▶ [How to complete this task]:
Write out the data below in full, unchanged, minus the images.

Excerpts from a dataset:

------------------------------------------------------------------------

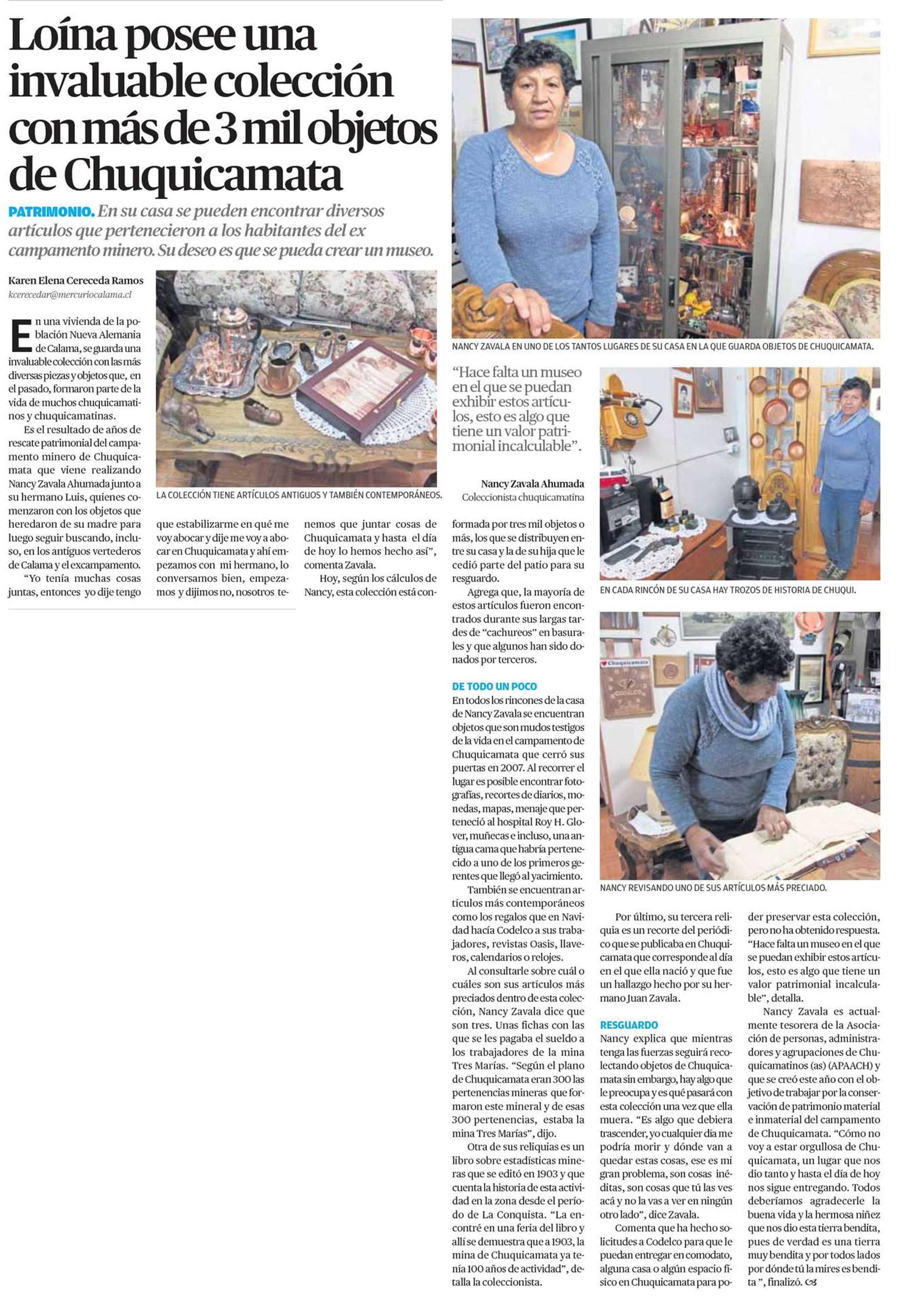 Loína posee una invaluable colección con más de 3 mil objetos de Chuquicamata 04-06-2021 El Mercurio de Calama |
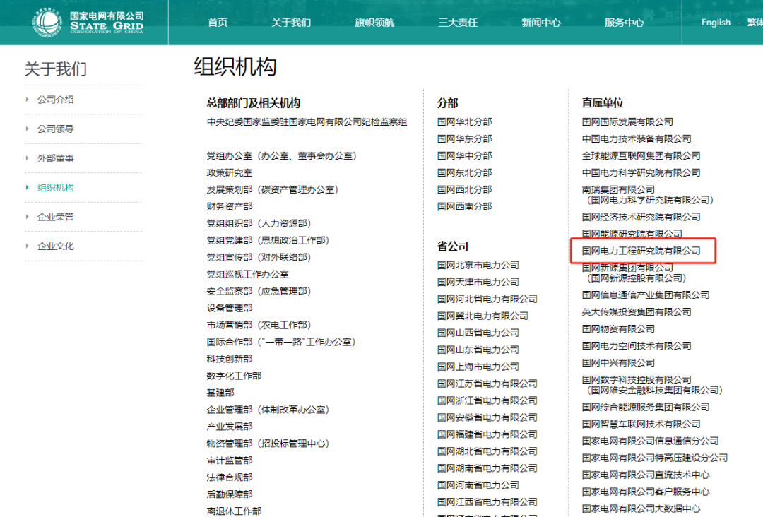 目前,國(guó)家電網(wǎng)官網(wǎng)直屬單位中已無(wú)國(guó)網(wǎng)智能電網(wǎng)研究院,并新增國(guó)網(wǎng)電力工程研究院。
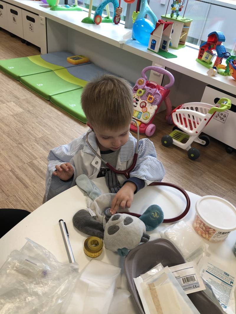 S morgens komt Lewis op bezoek. Letterlijk ons zonnestraaltje tussen al het onweer van de voorbije dagen. De verpleging raad aan om met hem even langs het teddy beer hospitaal te gaan om mijn gedachten te verzetten. En dat doet inderdaad goed! Heerlijk om hem bezig te zien... panda krijgt pleisters, spuitjes, pilletjes,... dat Lewis zijn leven de komende tijd anders gaat zijn kunnen we niet omheen. Hij wordt meegesleurd in dit verhaal. Ook al ben ik er zeker van dat iedereen er mee voor gaat zorgen dat hij geen liefde en aandacht te kort gaat komen.
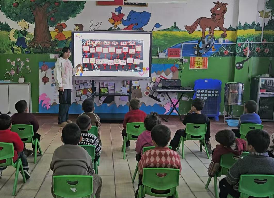 (实习支教学生迪丽娜尔·吾布力阿西木同学在给中班幼儿讲授节庆成语)
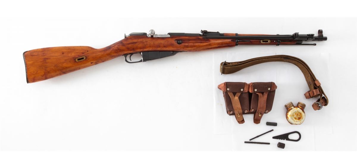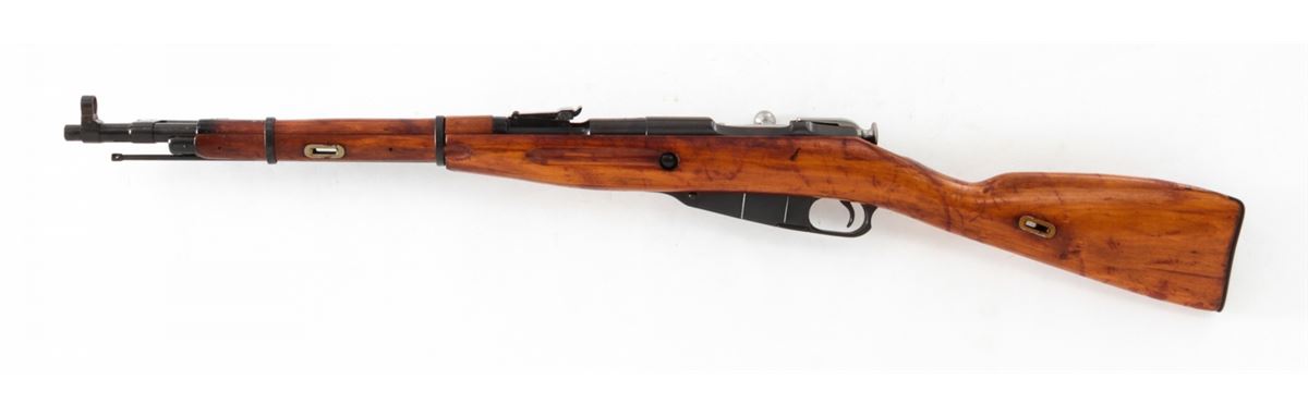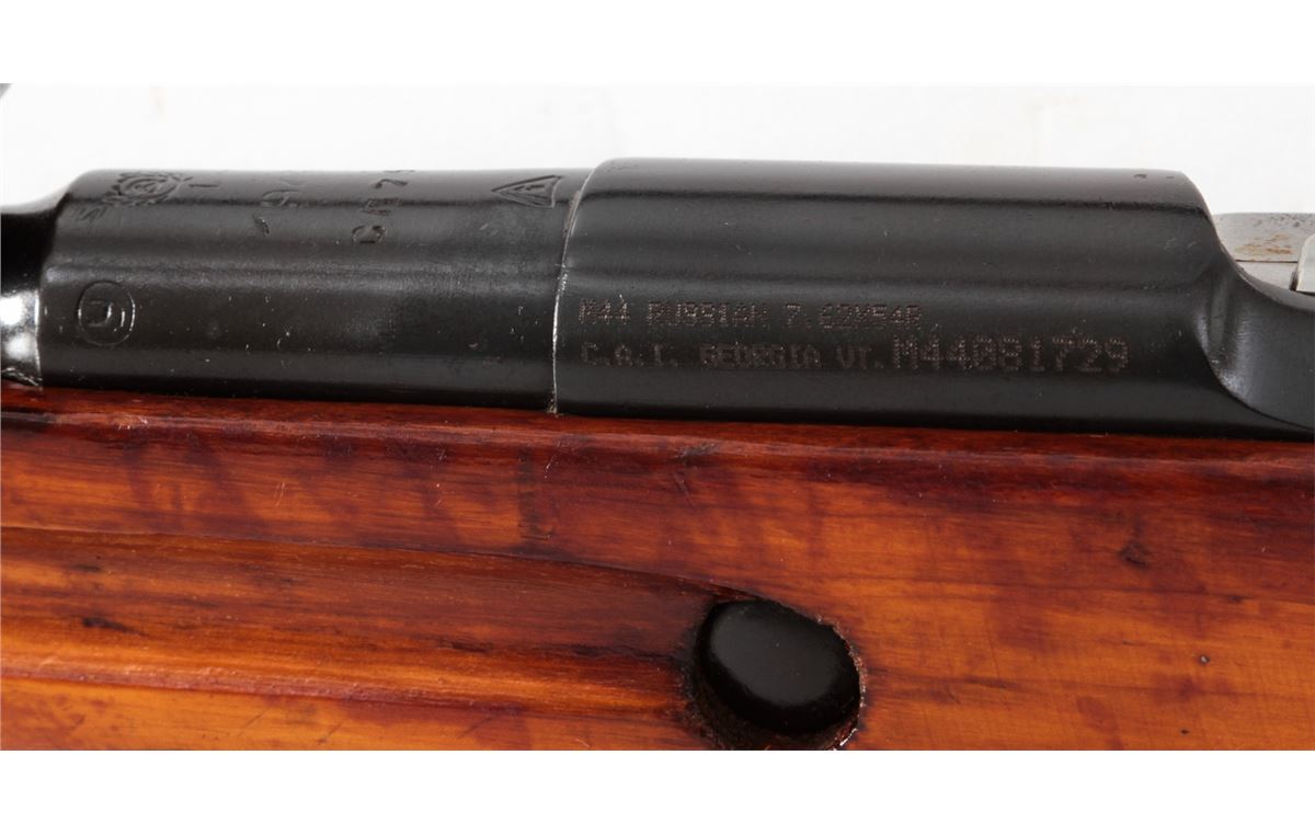 Mosin-Nagant Model 1944 Bolt Action Carbine, #M44081729, 7.62x54R cal., 20.5'' barrel, blue finish, hardwood stock, with sling and cleaning kit. Condition is excellent as imported in the early 1990s. Stock with scuffs to finish. Electric pencil matched bolt and some mixed parts. Action is crisp, bore is good. Lightly import marked. Est.: $200-$300. (C&R)

------------------------------------------------------------------------

▶ [Task solution]:
 Loína posee una invaluable colección con más de 3 mil objetos de Chuquicamata 04-06-2021 El Mercurio de Calama |
 目前,國(guó)家電網(wǎng)官網(wǎng)直屬單位中已無(wú)國(guó)網(wǎng)智能電網(wǎng)研究院,并新增國(guó)網(wǎng)電力工程研究院。
 S morgens komt Lewis op bezoek. Letterlijk ons zonnestraaltje tussen al het onweer van de voorbije dagen. De verpleging raad aan om met hem even langs het teddy beer hospitaal te gaan om mijn gedachten te verzetten. En dat doet inderdaad goed! Heerlijk om hem bezig te zien... panda krijgt pleisters, spuitjes, pilletjes,... dat Lewis zijn leven de komende tijd anders gaat zijn kunnen we niet omheen. Hij wordt meegesleurd in dit verhaal. Ook al ben ik er zeker van dat iedereen er mee voor gaat zorgen dat hij geen liefde en aandacht te kort gaat komen.
 (实习支教学生迪丽娜尔·吾布力阿西木同学在给中班幼儿讲授节庆成语)
 Mosin-Nagant Model 1944 Bolt Action Carbine, #M44081729, 7.62x54R cal., 20.5'' barrel, blue finish, hardwood stock, with sling and cleaning kit. Condition is excellent as imported in the early 1990s. Stock with scuffs to finish. Electric pencil matched bolt and some mixed parts. Action is crisp, bore is good. Lightly import marked. Est.: $200-$300. (C&R)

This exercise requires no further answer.